Говорили они как-то намеками, так что Ростислава почти ничего и не поняла. Одному лишь подивилась: разговоры тайные, а голос второго эдакий полудетский – то на басок упрется, а то срыв идет и фальцет ребячий наружу выпирает. Словом, очень странный голос для таких важных бесед. Потому и запомнился он ей. Да еще имя, которое воевода в разговоре назвал, – Любомир.
А когда удаляться от нее эти голоса стали, Ростислава тихонько, про все сласти позабыв, следом выскочила и, на крыльцо выйдя, увидела обоих.

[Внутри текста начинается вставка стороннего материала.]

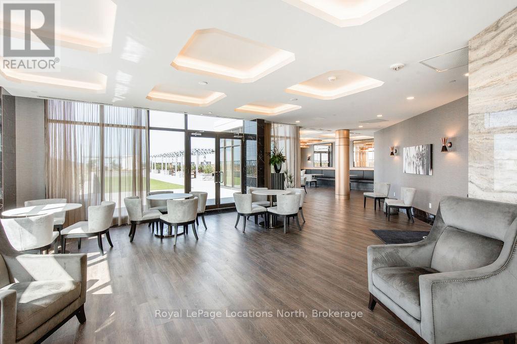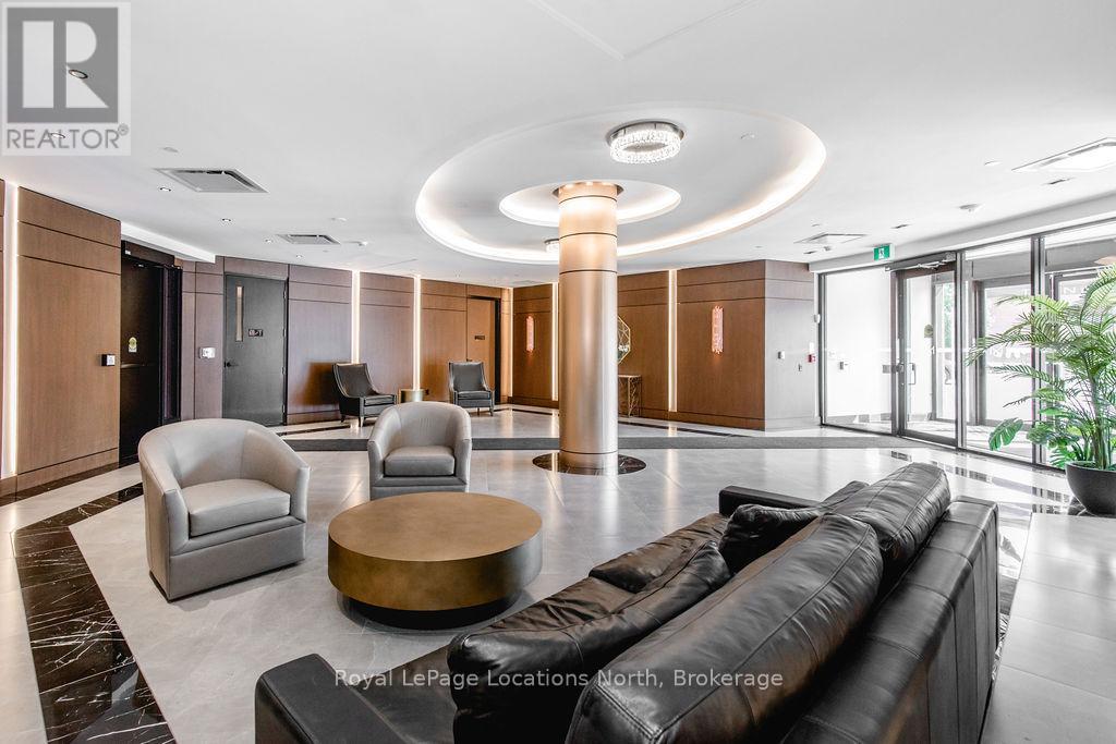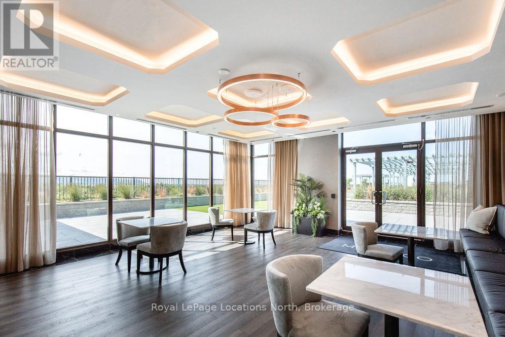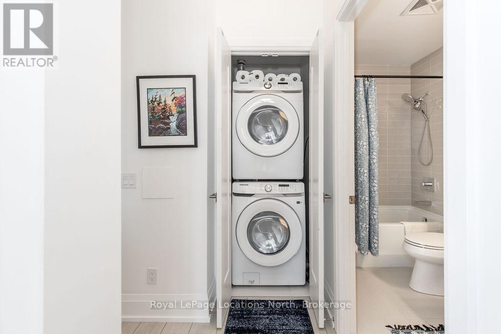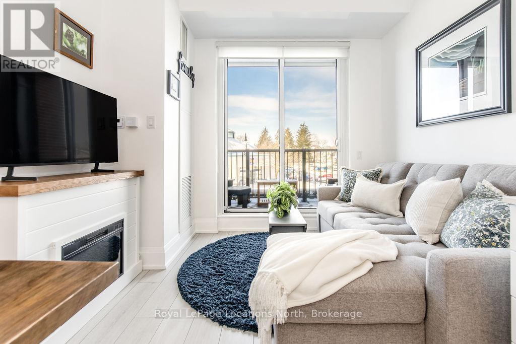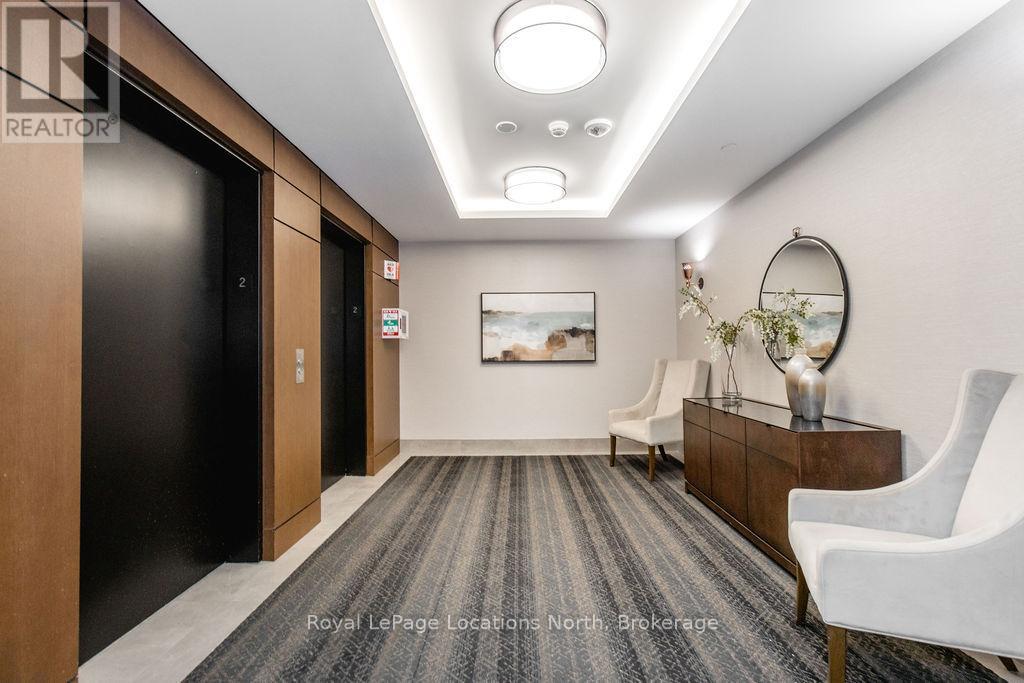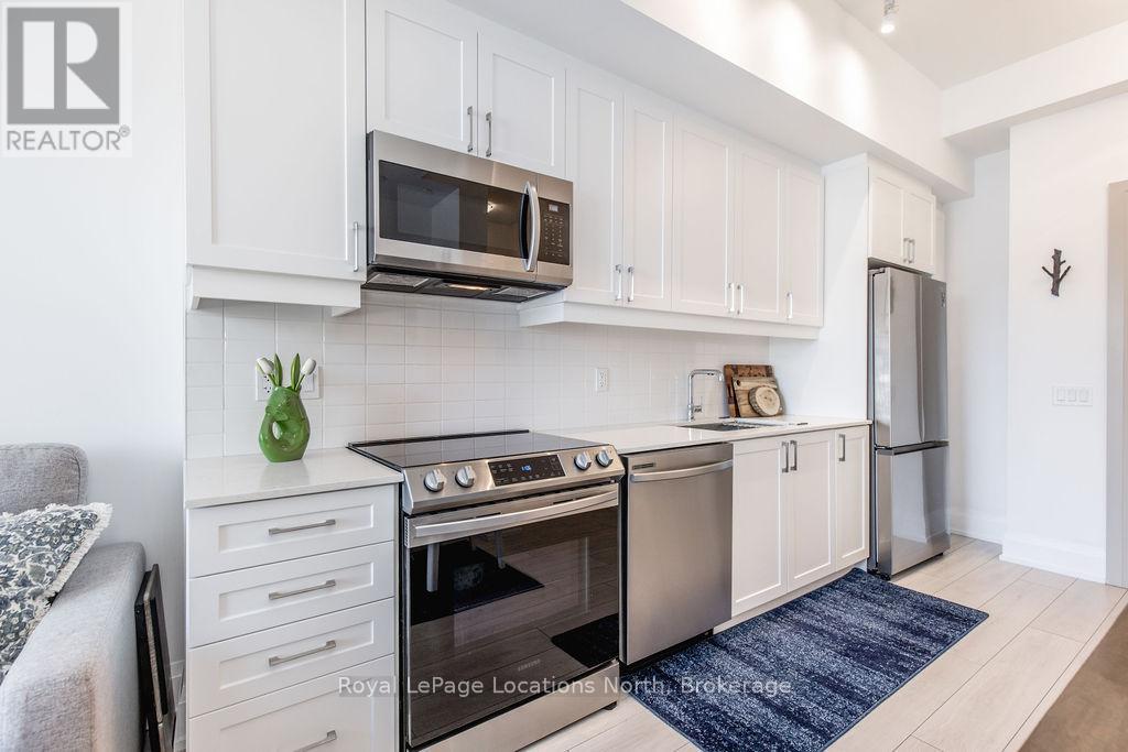 Welcome to Monaco, Collingwood's most prestigious address where modern luxury, security and effortless living come together. Designed with comfort and peace of mind, this residence is ideal for a single professional or downsizer seeking a safe, low-maintenance lifestyle in the heart of it all. This elegant condo features a bright open-concept layout with soaring 10' ceilings and west-facing natural light. The contemporary kitchen is both stylish and functional, offering quartz countertops, ceramic tile backsplash, stainless steel appliances and seamless flow into the living area. Step outside to a fabulous sunny balcony, perfectly positioned for morning coffee and great people-watching. The thoughtfully designed interior includes a spacious bedroom with a generous walk-in closet, a beautifully appointed full bathroom and in-suite laundry for everyday convenience. Monaco delivers exceptional security and lifestyle amenities, including secure FOB entry, underground parking with one dedicated space and Wi-Fi-enabled common areas, creating a safe and connected living environment. Residents enjoy access to a stunning rooftop terrace with alfresco dining and BBQs, an indoor social lounge with bar and a fully equipped fitness centre with panoramic views of Blue Mountain. With direct access to Collingwood's main street, you're just minutes from the waterfront, boutique shops and acclaimed dining. The on-site upscale market/café offers the perfect spot to meet friends, enjoy a coffee or pick up local artisan goods. Monaco offers a refined, secure and carefree lifestyle, ideal for those seeking modern luxury and exceptional living in downtown Collingwood. (id:64974)

Оба к тому времени уже почти внизу были, спускаясь по лестнице крутой вослед друг дружке, да с таким видом вышагивая, будто и не они так задушевно разговаривали только что.
Первым и правда воевода был, а второй – ну, фигурой-то уже мужик в самом соку, только грузен несколько, а повернулся лицом – мать честная – да ведь вовсе малец годами. Но и он, когда голову поднял, Ростиславу приметил, тут же нагнулся, сапог подтянул зачем-то и скорее прочь поспешил.
Ныне же он весело и бойко покупателей в лавку зазывал, прибаутками сыпал направо и налево. И одно успевал показать, и другое, да все товар нахваливал.
– А ты кто ж такой голосистый будешь? – спросила Ростислава, едва лишь подошла к его прилавку.
– Зовут Любомиром, красавица, – ответил тот не глядя и извлек откуда-то снизу очередной тючок с дорогой синей материей.
Бухнув его на прилавок, он, улыбаясь, начал было:
– А вот зендень[83] баская износу не ведает… – и осекся, глянув наконец на княгиню.
– Чего ж замолчал? – спокойно осведомилась Ростислава. – Продолжай.
– В носке легка, зимою тепла и больно дешева, – завопил Любомир, придя в себя, а в голове одна только мысль молоточками легонькими в виски стучала: «Признала или нет?! Признала или нет?!»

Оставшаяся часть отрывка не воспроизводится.